> _What the task asks_: All records, minus the pictures: write them out exactly.

# # # # # # #

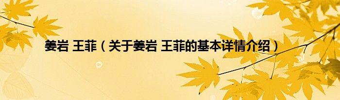 本文关于姜岩 王菲的基本详情介绍就讲解完毕,希望对大家有所帮助。
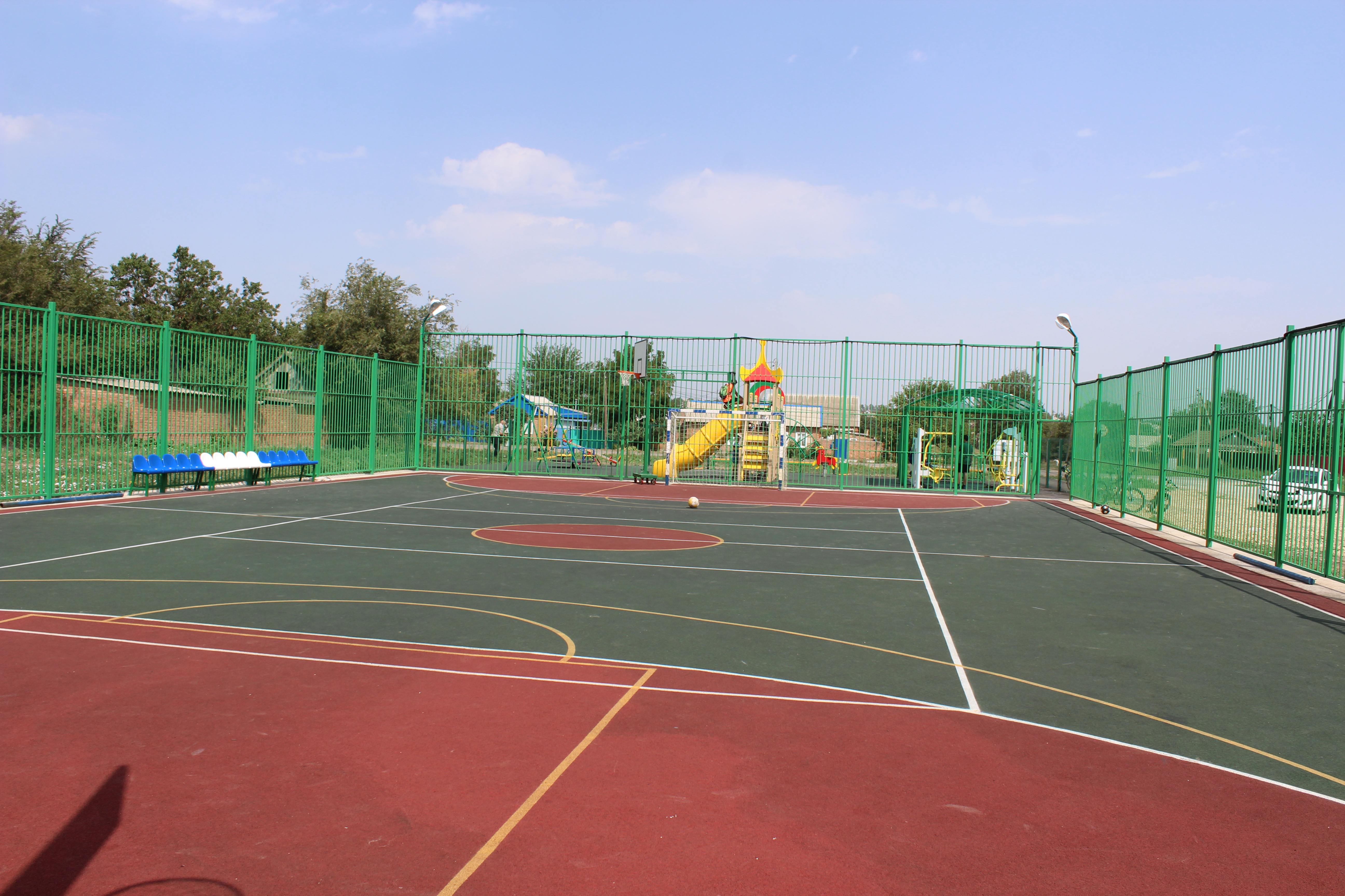 На 914 квадратных метрах расположились: комплексная спортивная площадка для занятий баскетболом, волейболом и мини-футболом; детская игровая площадка с мини городком, качелями, каруселью, качалками и горками; крытая площадка с уличными тренажёрами. На территории также была установлена беседка со скамейками, вокруг комплекса оборудовано уличное освещение, заасфальтированы тротуары и дорожки.
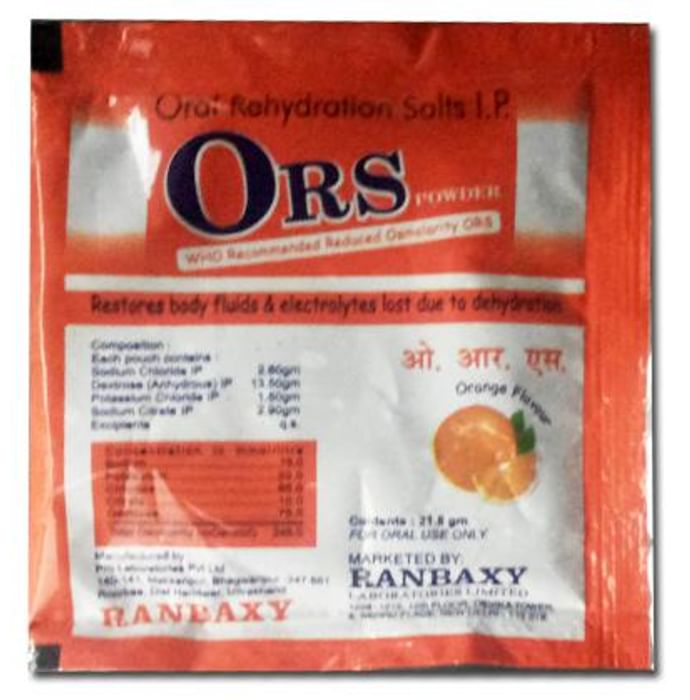 ORS Powder is a WHO based ORS (Oral Rehydration Salt) formula. Oral redyration salt is a combination of Dextrose and a number of essential electrolytes (Sodium Chloride, Potassium Chloride, Sodium Citrate). ORS Powder restores body fluids & electrolytes, lost due to dehydration in during Diarrhea, vomiting, muscle cramping, and exertional heat illness, while exercising in hot or humid weather. Role of key ingredients: Sodium Chloride (NaCl) Sodium Chloride are essential in boldy to make fluid balance. Sodium chloride is utilized by body cells for its normal function. Potassium Chloride (KCl) Potassium is an extremely important electrolyte that functions in the maintenance of water balance and distribution, acid-base balance, muscle and nerve cell function, heart function, kidney and adrenal function. Dextrose Anhydrous Dextrose anhydrous is the purest form of dextrose, commonly called glucose. Dextrose anhydrous provides instant energy. It is the primary ingredient in oral rehydration salts (ORS). Trisodium Citrate dihydrate Trisodium citrate dihydrate is a tribasic salt of citric acid. It is produced by complete neutralization of citric acid with high purity sodium source and subsequent crystallization. Directions for use: 1. Dissolve the contents of the packet in the amount of drinking water indicated on the packet, usually 1 litre. 2. If drinking water is not available, or if you are not sure the water is drinkable, boil the water for at least 10 minutes and then let cool. 3. Stir well, and give to the child to drink in a cup or spoon feed. Note: Be careful to mix the right amount of water. If you use too little water, the drink could make the diarrhoea worse. Use under medical supervision
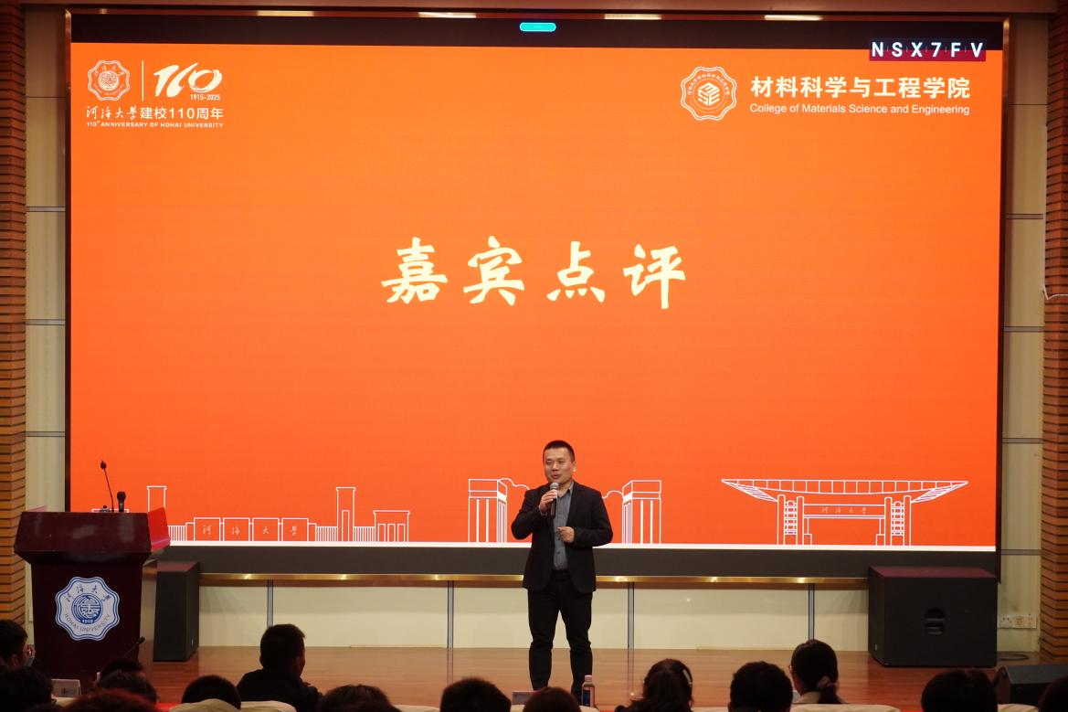待全部节目落幕,学院副院长杨可对大家的表现逐一进行点评,他充分肯定了大家的精彩演出,并借自己的亲身经历勉励材料新生在未来的学习与生活中不惧困难、奋力奔跑,将今天节目中传递出的精神延续下去。
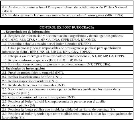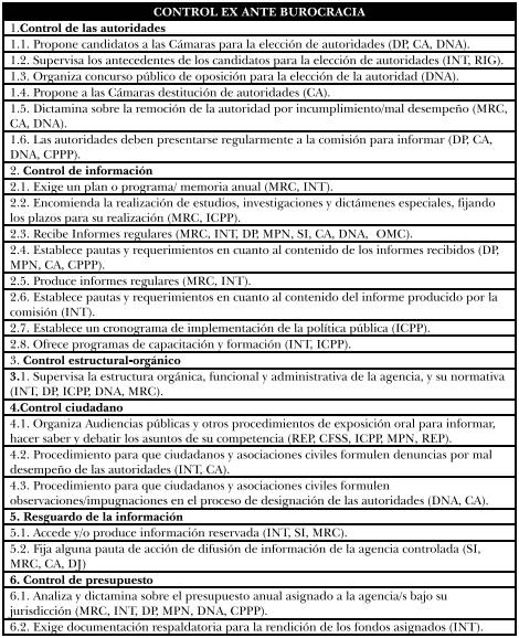 En cuanto a los controles institucionales, en ningún caso la normativa explicita las atribuciones de las CEC para vetar las reglamentaciones que se da la burocracia como sucede en el Congreso de Estados Unidos. Sí les otorga facultades para citar y/o interpelar las autoridades (control ex post).

# # # # # # #

> _Response below_:
 本文关于姜岩 王菲的基本详情介绍就讲解完毕,希望对大家有所帮助。
 На 914 квадратных метрах расположились: комплексная спортивная площадка для занятий баскетболом, волейболом и мини-футболом; детская игровая площадка с мини городком, качелями, каруселью, качалками и горками; крытая площадка с уличными тренажёрами. На территории также была установлена беседка со скамейками, вокруг комплекса оборудовано уличное освещение, заасфальтированы тротуары и дорожки.
 ORS Powder is a WHO based ORS (Oral Rehydration Salt) formula. Oral redyration salt is a combination of Dextrose and a number of essential electrolytes (Sodium Chloride, Potassium Chloride, Sodium Citrate). ORS Powder restores body fluids & electrolytes, lost due to dehydration in during Diarrhea, vomiting, muscle cramping, and exertional heat illness, while exercising in hot or humid weather. Role of key ingredients: Sodium Chloride (NaCl) Sodium Chloride are essential in boldy to make fluid balance. Sodium chloride is utilized by body cells for its normal function. Potassium Chloride (KCl) Potassium is an extremely important electrolyte that functions in the maintenance of water balance and distribution, acid-base balance, muscle and nerve cell function, heart function, kidney and adrenal function. Dextrose Anhydrous Dextrose anhydrous is the purest form of dextrose, commonly called glucose. Dextrose anhydrous provides instant energy. It is the primary ingredient in oral rehydration salts (ORS). Trisodium Citrate dihydrate Trisodium citrate dihydrate is a tribasic salt of citric acid. It is produced by complete neutralization of citric acid with high purity sodium source and subsequent crystallization. Directions for use: 1. Dissolve the contents of the packet in the amount of drinking water indicated on the packet, usually 1 litre. 2. If drinking water is not available, or if you are not sure the water is drinkable, boil the water for at least 10 minutes and then let cool. 3. Stir well, and give to the child to drink in a cup or spoon feed. Note: Be careful to mix the right amount of water. If you use too little water, the drink could make the diarrhoea worse. Use under medical supervision
待全部节目落幕,学院副院长杨可对大家的表现逐一进行点评,他充分肯定了大家的精彩演出,并借自己的亲身经历勉励材料新生在未来的学习与生活中不惧困难、奋力奔跑,将今天节目中传递出的精神延续下去。
 En cuanto a los controles institucionales, en ningún caso la normativa explicita las atribuciones de las CEC para vetar las reglamentaciones que se da la burocracia como sucede en el Congreso de Estados Unidos. Sí les otorga facultades para citar y/o interpelar las autoridades (control ex post).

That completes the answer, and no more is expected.